Why do so many of us who have experienced cancer face depression and anxiety post-treatment? Getting a cancer diagnosis is one of the most shocking and frightening experiences a person can face. It is, for many people, a traumatic experience. Even for those who don’t feel traumatized by it, it’s a moment that is seared into our minds forever and something we will never forget.
Immediately after diagnosis, we go through an overwhelming period where we struggle to manage our fears and grasp exactly what we will be facing in our treatment. We often have to make quick decisions about treatment options in a very short period of time. There is little time to process all the fear and trepidation we feel. Then treatment begins and we focus on getting through it. We stuff down our emotions and connect with the warrior part of ourselves. And then treatment ends and emotions that were buried as part of self-protection begin to resurface. The intensity of the feelings we experience can catch us totally off guard.
We may experience anxiety and depression. For many, the end of treatment only marks the beginning of a whole new set of challenges to be faced: how to manage the anxiety and fears of recurrence. How to find meaning in an old life that no longer fits. How to process the enormity of what you’ve been through. You may be feeling as I did—lost and rudderless in a your new, post-cancer identity.
You may be wondering how to get your life back on track after cancer. I wish I could provide you with some kind of a map to guide you, or a spreadsheet detailing exactly what to expect in your emotional and physical recovery. The reality is that just as each of us has a unique cancer diagnosis and treatment experience, each of us will have a different experience in how we process our experience with cancer.
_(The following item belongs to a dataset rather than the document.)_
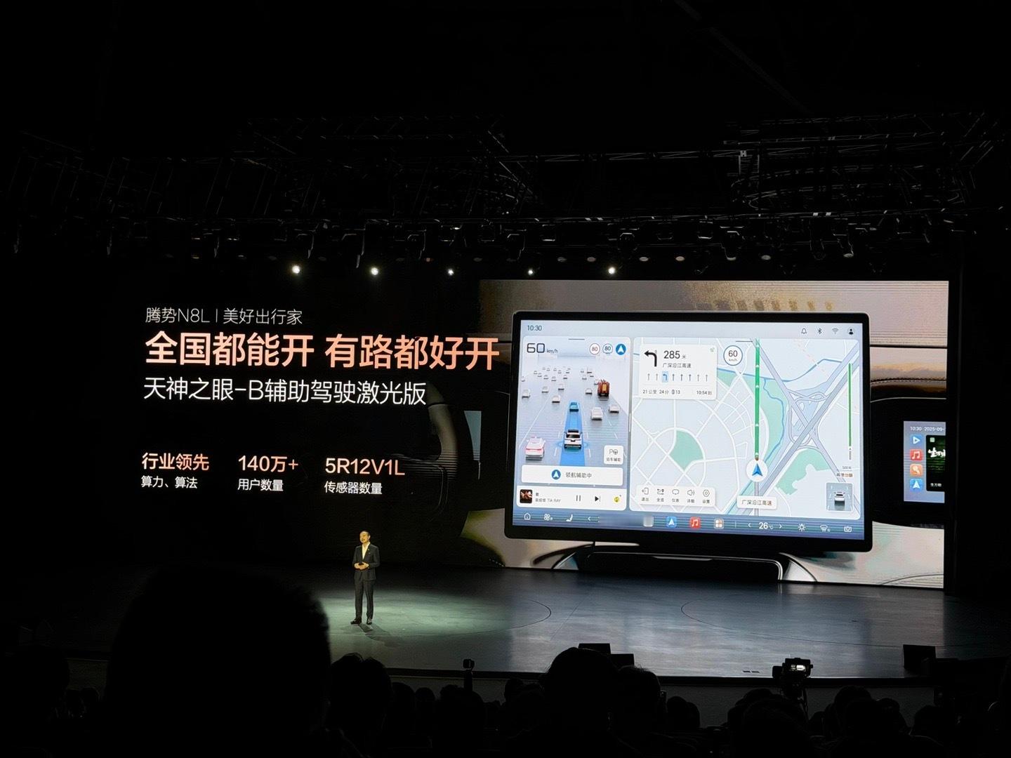 腾势 N8L 这才是家庭豪华大六座该有的样子。超大的六座空间,第三排超大调节空间+座椅加热,天神之眼 B 智能辅助驾驶系统,为智能安全兜底,210km/h 高速避让不侧翻,180km/h 高速爆胎不失控!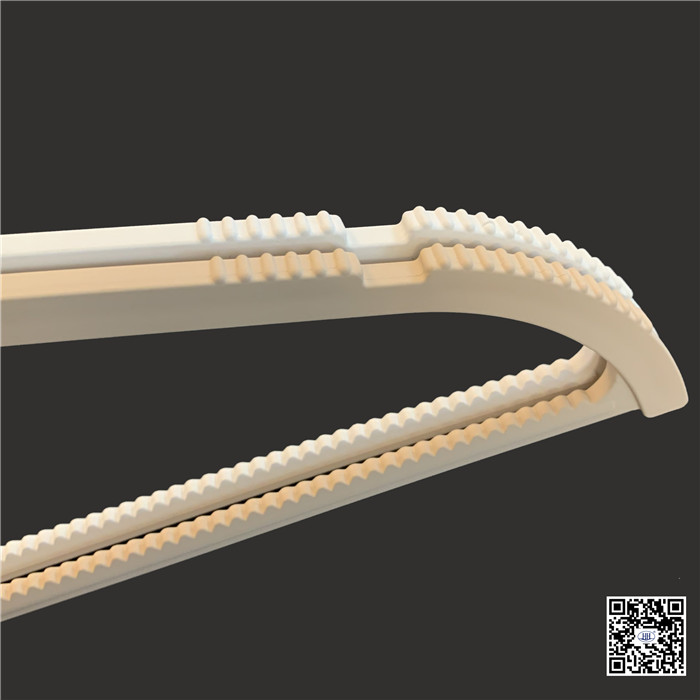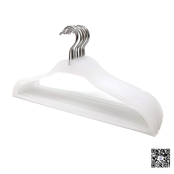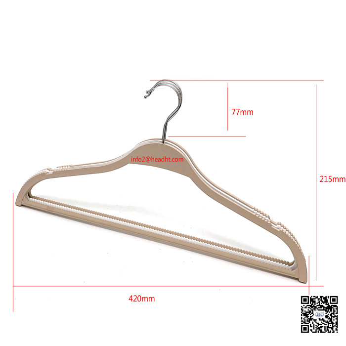 Velvet Hanger normally use plastic hanger as bottom ground basic. Because it need very smooth surface. So we have one way to add logo on the hanger as below. If order quantity big. can add logo on hook also, Mould cost needed.

Some will need extra time to recover physically and to reconnect with and forgive a body that betrayed them. Some will want to explore a newfound sense of meaning that they found in their cancer experience. Others may need help in implementing a plan to finally start to put their health and self-care into priority. Some may connect to all of this and more.
If any of this resonates with you, you’ll likely find that connecting with a supportive therapist who understands the issues unique to people with cancer will be helpful to you. The kind of emotional exploration done in therapy will arm you with tools for coping with the depth of emotion you feel and allow you to get back on the path to living in your new, post-cancer identity.